LE DÉLIT D’ÊTRE PAUVRE

Le gouvernement du Québec a adopté une loi qui vise à réduire à la famine ceux et celles qui manquent de zèle dans la recherche d’un emploi. Ces prestataires que l’on pourchasse vont allonger la liste des pauvres qui sont en attente de paniers de Noël. On tape sur la tête des plus démunis quitte à s’en remettre à la charité privée pour pallier le resserrement de l’aide publique.
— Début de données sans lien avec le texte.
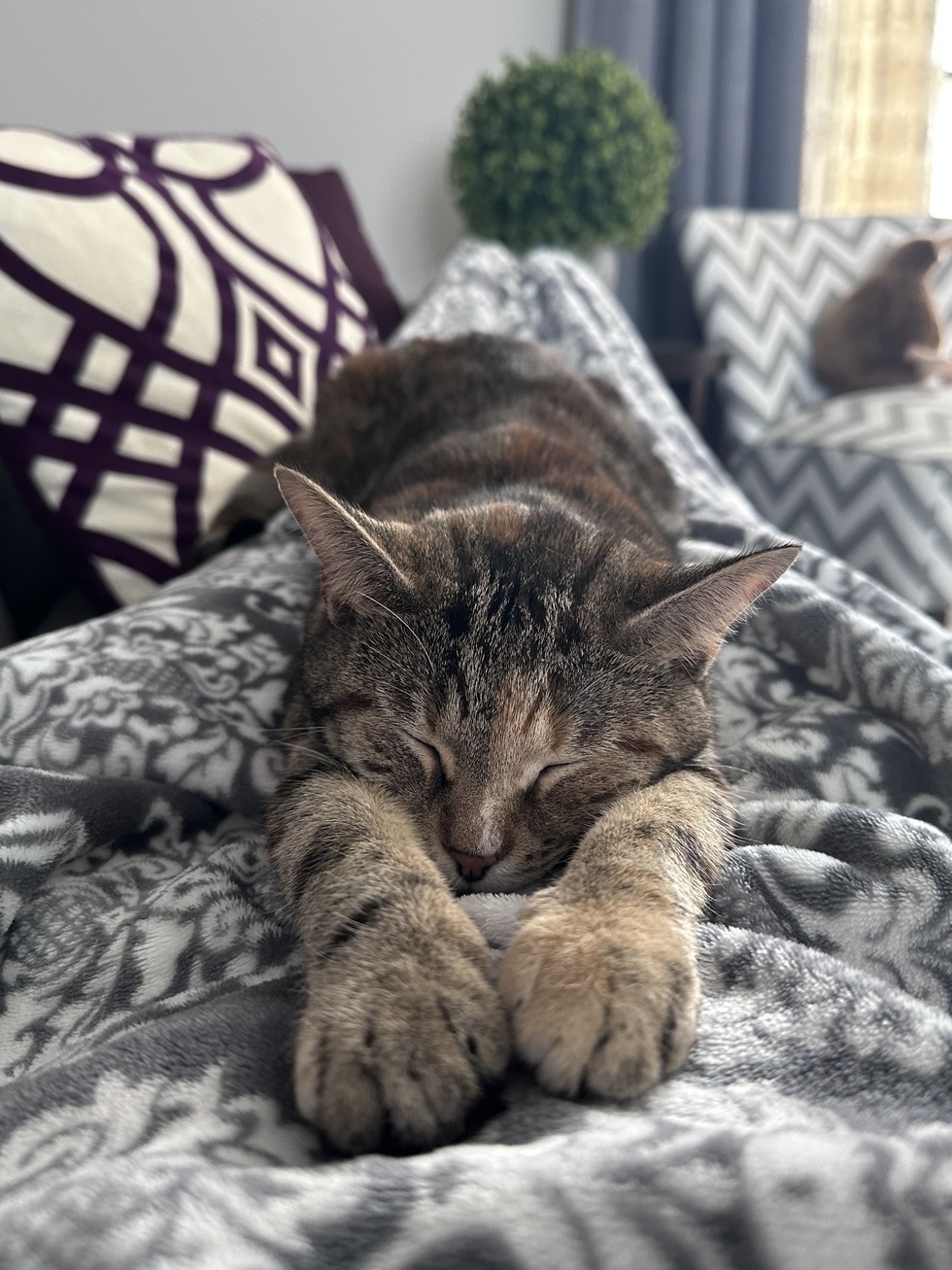 Meet Biscotti! This little lady found her home with us last summer, and has brought nothing but joy into our lives. We instantly fell in love with her playful spirit and adorable meows. The definition of a velcro cat, she always wants to be where the people are, following us up and down the stairs, throughout every room in the house, and will happily greet you with purrs, a tiny meow, and a big stretch showing off the softest belly in the world. She loves watching the birds at the feeder from her cat tree, and will sound the alarm and chatter to let us know they’ve arrived. She loves tucking herself in under a blanket, taking turns sleeping with different members of the family, and of course, making biscuits! We really did win the cat lottery with Biscotti.
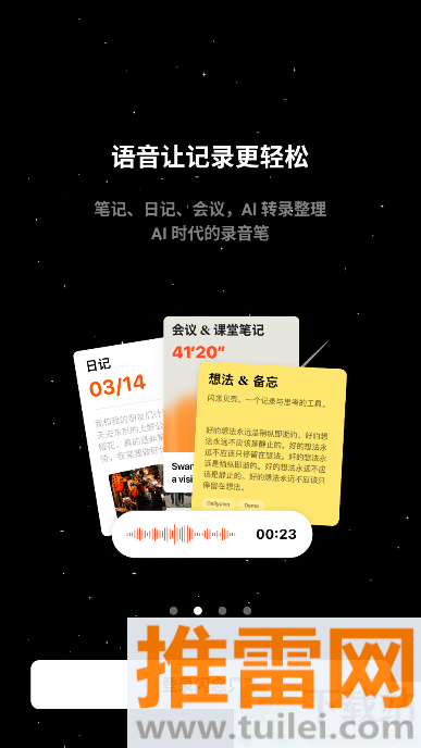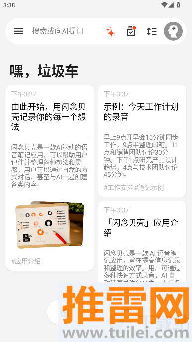1、语音速记 随手张嘴说话就能存成一条笔记,录完不耽误事儿,适合走路、坐车或者临时有想法的时候用。

Il en est ainsi parce que l’État manque d’argent, nous dit-on. Mais ce manque résulte en partie du fait que l’État se prive de ressources qui lui reviennent. Par exemple, on laisse émigrer dans des paradis fiscaux des milliards$ qui devraient servir à répondre aux besoins collectifs, à commencer par ceux des plus démunis. « Les paradis fiscaux, une maladie qu’il faut enrayer », nous dit Joseph Stiglitz, prix Nobel de l’économie. Mais il semble plus simple de taper sur la tête des plus démunis que de rappeler à l ‘ordre de grandes entreprises qui font fi de leurs obligations sociales.

LE SOCLE IDENTITAIRE

Un aspirant à la direction du Parti conservateur du Canada  s’est donné comme objectif de  sauvegarder l’identité canadienne , ce qu’il appelle le socle identitaire canadien. Un défi de taille, quand on sait qu’on parle toujours au Canada de l’existence de deux solitudes ou encore de la coexistence de deux nations. Le régime fédéral sert à gommer des différences qui sautent  aux yeux quand on franchit l’espace canadien «  a mari usque ad mare ».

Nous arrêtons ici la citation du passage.